The implementation started off smoothly, the cargo ecosystem and rust compiler make getting setup a breeze on Fedora, but the seconds after tell a different headache. See, in retrospect I can admit it was my lack of patience and wanting to get the program finished which made the overall process lackluster:

  • The moment I started writing code to iterate over the dataset directory, the borrow checker decided to bully me over a single string (the file name).
  • An hour or few later, and I was now being interrogated for following the serade_json examples for unmarshalling the json datasets. Not a problem, just a small integration lesson that was easier to resolve than the first.
  • By the next weekend when I resumed development, no matter how much Googling I did, I couldn’t figure out how to properly append to a mutable vector the various items.
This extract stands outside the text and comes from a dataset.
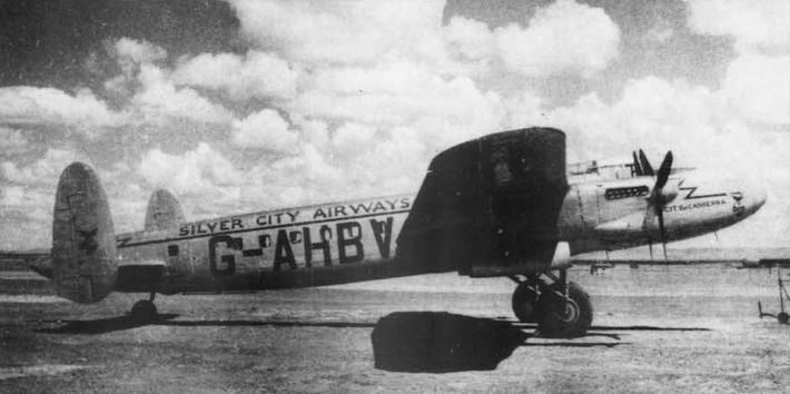 Регистрационный номер: G-AHBV [2] Silver City's Lancastrian 3 G-AHBV in which the author made the company's first charter flight, London-Johannesburg-Sydney-London, leaving London on October 24, 1946. This photograph was taken at Eastleigh, Nairobi in 1948.
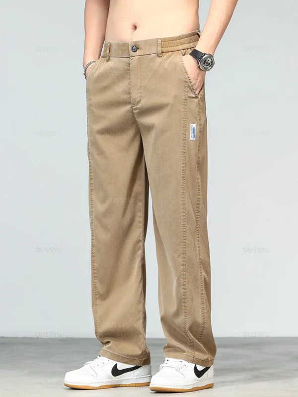 بنطلون رجالي صيفي جديد من الحرير الجليدي بخصر مطاطي مستقيم أسود رمادي بنطلون رجالي بسيط قابل للتنفس بنطلون بدلة كاجوال

Most of the problems I encountered derived from my lack of experience using Rust, and more so I imagine my design didn’t jive with how Rust applications are supposed to be written. It was this experience which actually has me considering printing out the Rust Book and going over it lesson by lesson. Still, my drive to finish the project led me down a different path: rewrite in Go. Originally, I wanted to experiment with Rust, but I can accept when I’ve lost interest in pushing forward with a specific goal when similar ones can be implemented instead; for those curious I’ve included a snippet of the (terrible) Rust code that was writing.

fn main() {
    let mut languages: HashMap<String, Vec<Item>> = HashMap::new();

    for file in fs::read_dir("./data").unwrap() {
        let path: path::PathBuf = file.unwrap().path();
        let language = extract_language_from_path(path.clone());

        let dataset = transform_data_to_objects(path);

        if !languages.contains_key(&language) {
            languages
                .insert(
                    language.clone(),
                    dataset.expect("failed to load dataset").items,
                )
                .expect("failed to enter new language into hashmap");
        } else {
            languages
                .get_key_value(&language)
                .expect("failed to retrieve key")
                .1
                .append(&mut dataset.expect("failed to load dataset").items)
        }

        for language in languages {
            println!("{} {}", language.0, language.1.capacity())
        }
    }
}

// returns the language using string parsing, given that all files are formated
// as `languages-repositories-<LANG>-<YEAR>.json`
fn extract_language_from_path(path: path::PathBuf) -> String {
    path.to_str()
        .expect("failed to convert path to string")
        .trim()
        .split("-")
        .nth(2)
        .unwrap()
        .to_string()
}

fn transform_data_to_objects(
    path: path::PathBuf,
) -> Result<LanguageResponse, serde_path_to_error::Error<Error>> {
    let deserializer = &mut serde_json::Deserializer::from_reader(
        fs::File::open(path).expect("failed to open file"),
    );

    serde_path_to_error::deserialize(deserializer)
}

I won’t go over the Go implementation since I’m saving that for another blog post, but I will conclude this post with the following: I stopped writing the program in Rust purely because of my own faults, not the language itself. I still look forward to learning and using it in the future, but the timeframe and expectations of this project didn’t align with my original idea to use Rust; simply put Rust demands you write good code, a task of which I’m still learning to do.

So with that being said, did your repo make the list?